Modern computer applications managing data, such as database applications or spreadsheet applications, typically present the data in a viewable tabular format. The columns of the tabular view are often labeled with a heading of what the data in that column represents. For example, a database containing information on the employees of a company might be represented in a tabular format. Such a table might have a separate column for the employee's identification number, the employee's last name, the employee's first name, and the department in which the employee works. The table headings might respectively be “Personnel ID”, “Last Name”, “First Name” and “Reporting Line Unit”. These computer applications typically provide a search functionality where either the operator is provided with column specific filtering, where the operator may select a specific column and search within that particular column, or the operator is provided with a generic search, where data in all columns are searched.

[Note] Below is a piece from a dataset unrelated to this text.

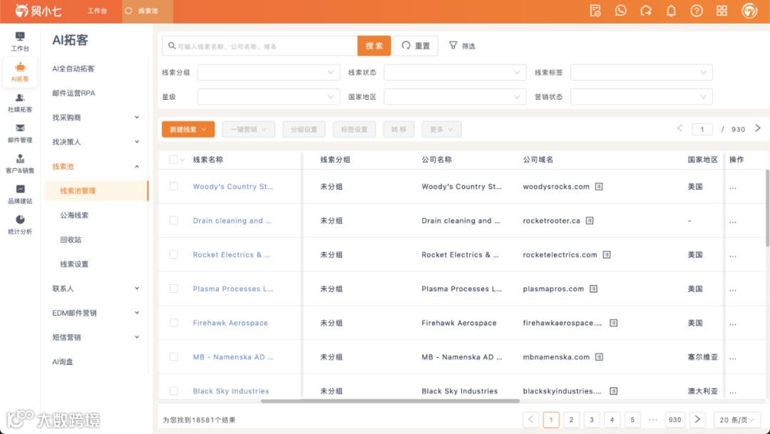 2、列表展示更多的线索信息,支持更多条件的筛选搜索操作;

Several drawbacks may exist. First, column-specific filtering requires the user to search for the appropriate column, select that column, and then perform the search. If a computer pointing device is used to select the column, the operator has to perform the additional task of switching from the pointing device to the keyboard in order to type in the search query. For example, if the operator wished to locate the employee record of someone with the first name of Rose in a table containing information on the employees of a company, the operator, using a computer pointing device, might select the column with the heading “First Name”, switch over from the computer pointing device to the keyboard, and then type in the letters for “Rose” before executing the search. Alternatively, if generic searching is performed, extremely generalized results may be returned, and the list of matches would not be context specific. For example, if the operator again wished to locate the employee record of someone with the first name of Rose in a table containing information on the employees of a company, and used a generic search instead, multiple results may be returned. Some of these results may contain Rose as a first name, some may contain Rose as a last name, and some may even contain Rose as part of a department name. It is thus desirable to create systems and methods for streamlining the searching strategy by creating a solution that is flexible and configurable,
FIG. 1 shows a block diagram of an exemplary system of the present invention.

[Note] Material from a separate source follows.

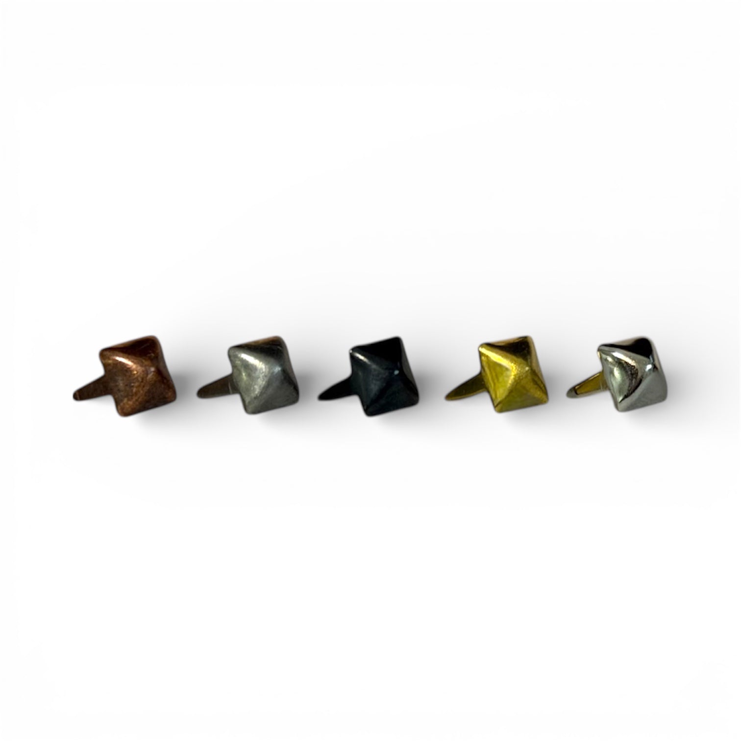 3/16” Pyramid Spots with two prongs, made of brass available in multiple finishes. A small, structured accent for collars, belts, guitar straps and leathercraft. This item is part of our full collections of Leather Spots and Nailheads.
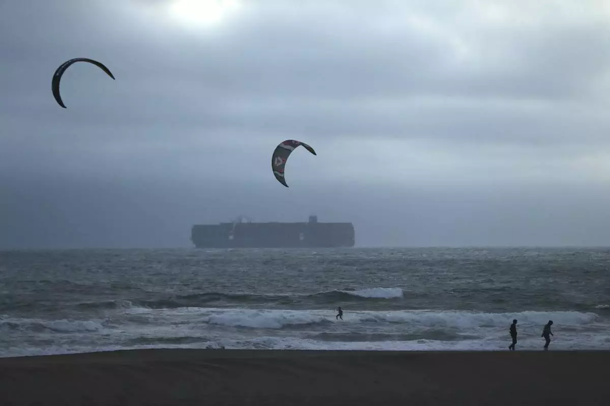 During a tsunami advisory triggered by an underwater earthquake off the coast of Russia, a pair of kite surfers recreate near two beach walkers at Ocean Beach in San Francisco on Tuesday, July 29, 2025. (Scott Strazzante/San Francisco Chronicle via AP)

FIG. 2a shows an exemplary interface of the present invention.
FIG. 2b shows an exemplary interface of the present invention.

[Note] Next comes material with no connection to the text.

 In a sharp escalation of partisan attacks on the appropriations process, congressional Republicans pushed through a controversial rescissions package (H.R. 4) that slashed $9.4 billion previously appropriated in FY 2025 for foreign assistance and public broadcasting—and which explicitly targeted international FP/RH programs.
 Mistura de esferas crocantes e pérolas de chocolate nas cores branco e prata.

FIG. 2c shows an exemplary interface of the present invention.
FIG. 3 shows a flowchart of illustrative steps of an exemplary method of the present invention.
Systems and methods are described that permit a user to search column-specifically using smartkeys. A smartkey is anything that identifies a subset of the data in a database, including pre-defined or user-defined short: forms or abbreviations. Examples of smartkeys may include “DOB”, “Date of Birth”“6”, “XYZ123”, “3D71 or “®”. “DOB” may represent a short form of “Date of Birth”, which may represent the name of a column in a tabular view of data in a database. Using these short forms, or smartkeys, the user can interact, define and narrow searching. For example, in a database containing sales orders with separate columns for the order numbers, customers' first names and customers” last names, the smartkey “ON” may represent “Order Number” and the smartkey “FN” may represent “First Name”
To search for an order number of 15543 in the column titled “Order Number”, the user may type into the search field “ON: 15543”. To search for the firs name of Rose in the column titled “First Name”, the user may type into the search filed “FN: Rose”. It is also possible to create multiplied refining searches. For example, in a database containing information on the employees of a company, to find an employee with the last name “Peters” who works in the “Sales” department, where the smartkey “LN” represents “Last Name” and the smartkey “DP” represents “Department”, the user might type into the search field “LN: Peters, DP: Sales”.
FIG. 1 depicts an exemplary system 10 of the present invention including a parsing strategy 12, a search algorithm 14, a configuration interface 16, a configuration engine 18, a data input interface 30, a parsing engine 32 and a search engine 36. The configuration engine 18 may make changes to the parsing strategy 12 based on configuration changes 20 received from the configuration interface 16. The configuration interface 16 may present an interface that allows the parsing strategy 12 to be altered at run time.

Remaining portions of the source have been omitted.